Growing Dependency on the US Government and Fed
Stocks are climbing, once again setting new all-time record highs. President Biden unveiled his $2 Trillion infrastructure proposal. The plan calls for roughly a $250 Billion investment each year over the next 8 years, so it won’t necessarily have an overwhelming shock to GDP growth in the near term. Since the plan also calls for an increase in corporate tax rates from 21% up to 28%, there will be a reduction in GDP to offset some of the benefit of the planned infostructure investment. So far, stock investors seem thrilled with the plan. However, I anticipate stock investors will eventually realize that this will reduce corporate profits, which will have an adverse impact on stock prices.
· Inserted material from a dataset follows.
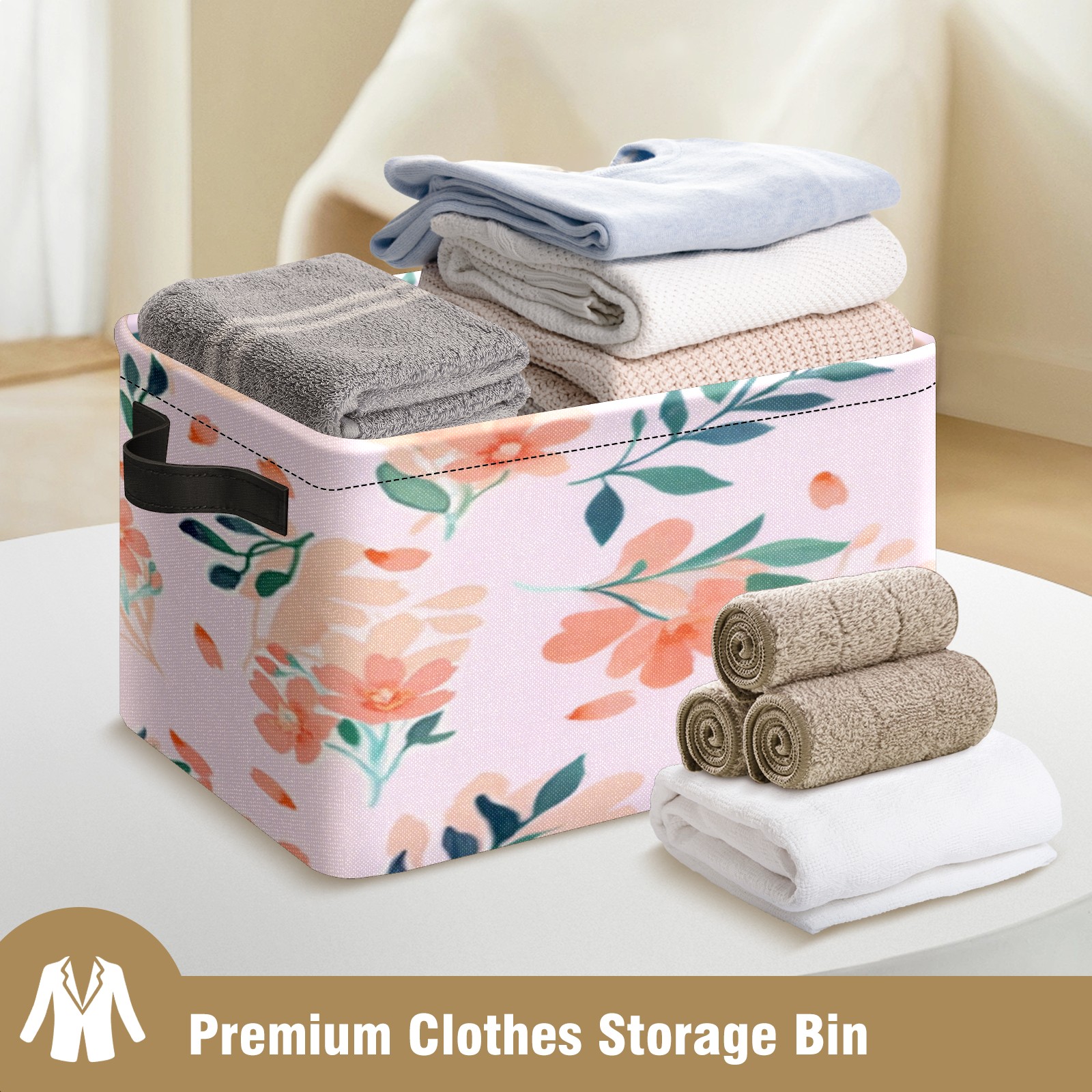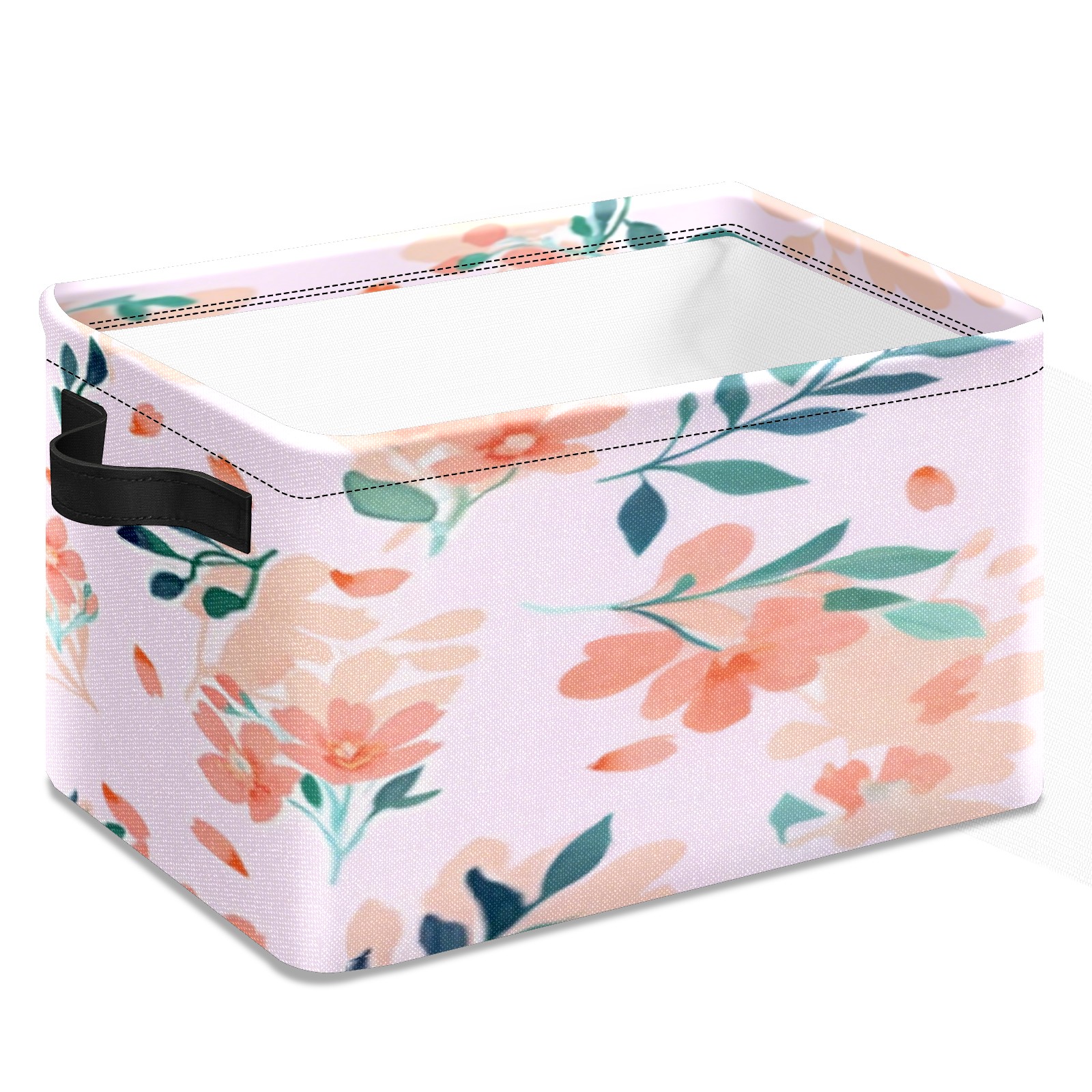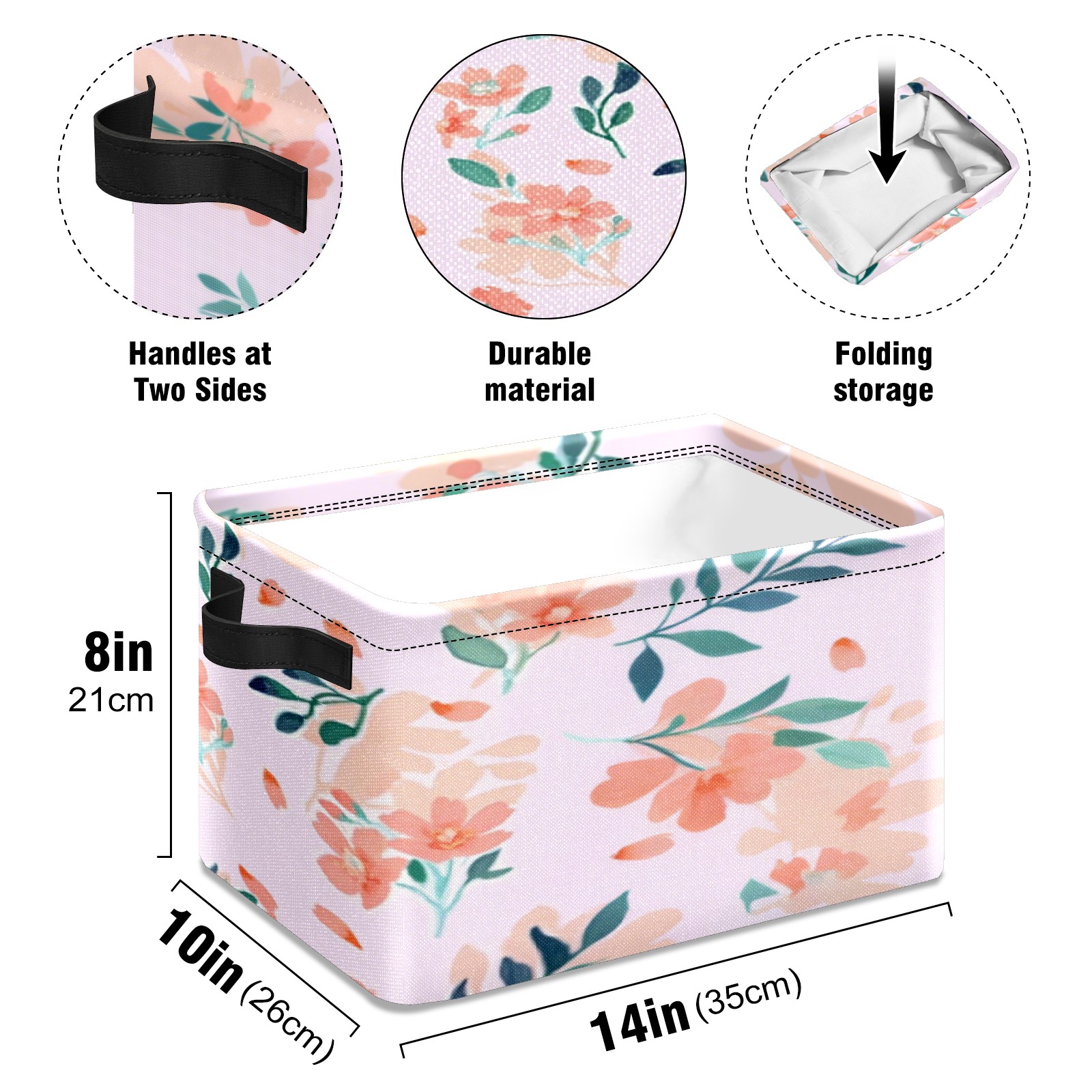 Foldable and Stackable Fabric Storage Basket for Home Organization with Handles, Decorative Closet Bins for Shelves, Laundry, and Toy Storage( Peach - Colored Flowers)

Initial Jobless Claims, which measures the number of Americans filing for first time unemployment benefits, increased 61,000 over last week’s report, coming in at 719,000. Overall, there are 18.2 Million individuals receiving some type of employment benefits. Given this number, there is great concern over what will happen in our US economy when the additional Pandemic Relief benefits are eventually allowed to expire. Our economy is growing dependent upon the Federal Reserve and the US Treasury Department to help stabilize and stimulate growth. Without such support, our economy would not be where it is and would certainly spiral into a deep state of despair.
Mortgage bonds have yet to break out of the current trading range. The longer term expectation of for rates to continue to rise. We will maintain a locking bias.